Task prompt:
Each line starting at the one that contains "Diese süßen Pilzwichtel" and ending at the one that contains "That means, even" must be returned exactly, and the rest of the listing is left out.

Material for the task:
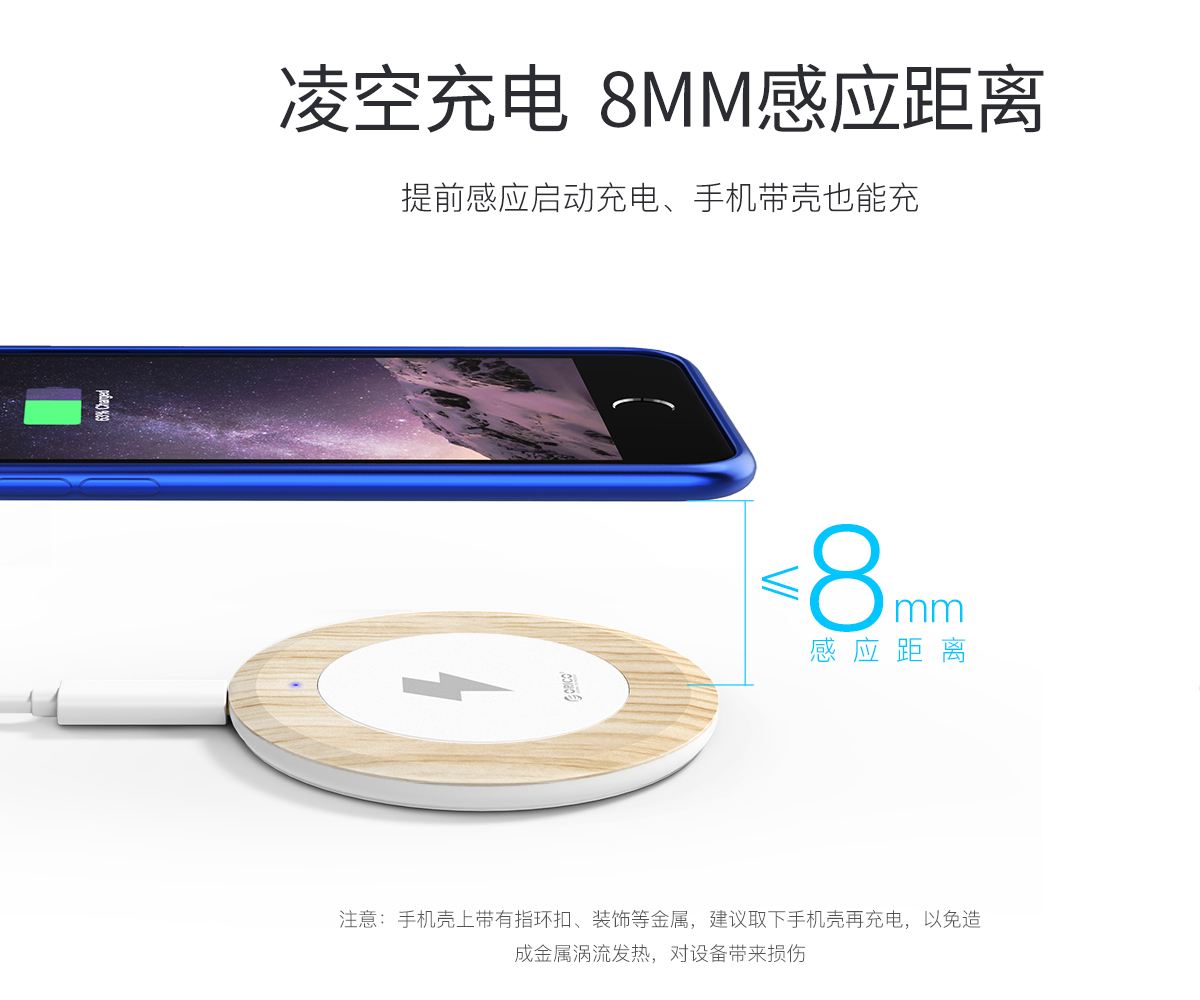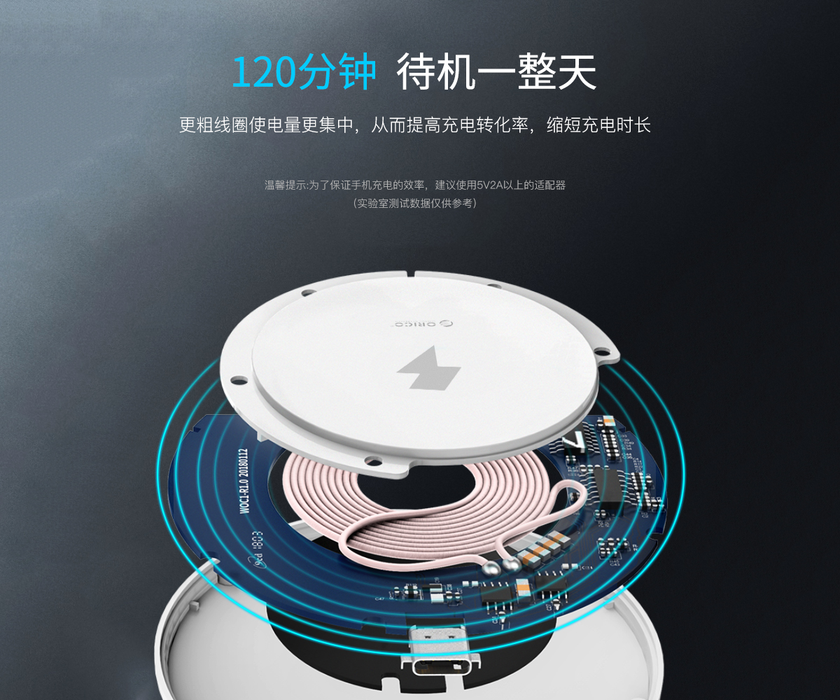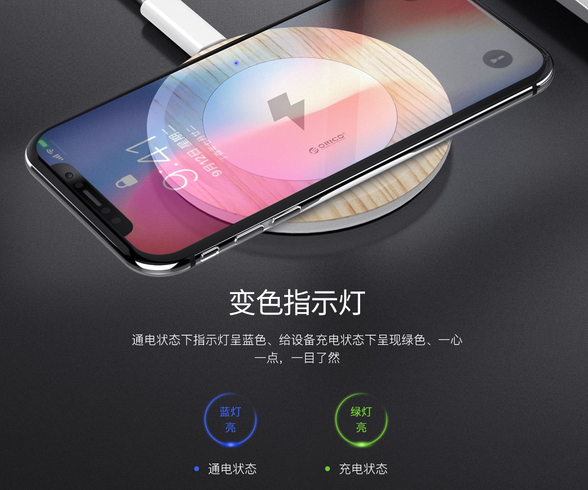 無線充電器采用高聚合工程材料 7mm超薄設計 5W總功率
==
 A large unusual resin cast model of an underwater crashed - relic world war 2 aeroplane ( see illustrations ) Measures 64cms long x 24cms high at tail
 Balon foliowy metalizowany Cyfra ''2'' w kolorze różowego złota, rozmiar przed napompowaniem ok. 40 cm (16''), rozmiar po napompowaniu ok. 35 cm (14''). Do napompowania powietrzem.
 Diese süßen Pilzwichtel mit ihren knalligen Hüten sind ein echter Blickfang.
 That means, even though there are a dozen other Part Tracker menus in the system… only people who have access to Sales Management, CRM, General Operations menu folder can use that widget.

Exercise result:
 Diese süßen Pilzwichtel mit ihren knalligen Hüten sind ein echter Blickfang.
 That means, even though there are a dozen other Part Tracker menus in the system… only people who have access to Sales Management, CRM, General Operations menu folder can use that widget.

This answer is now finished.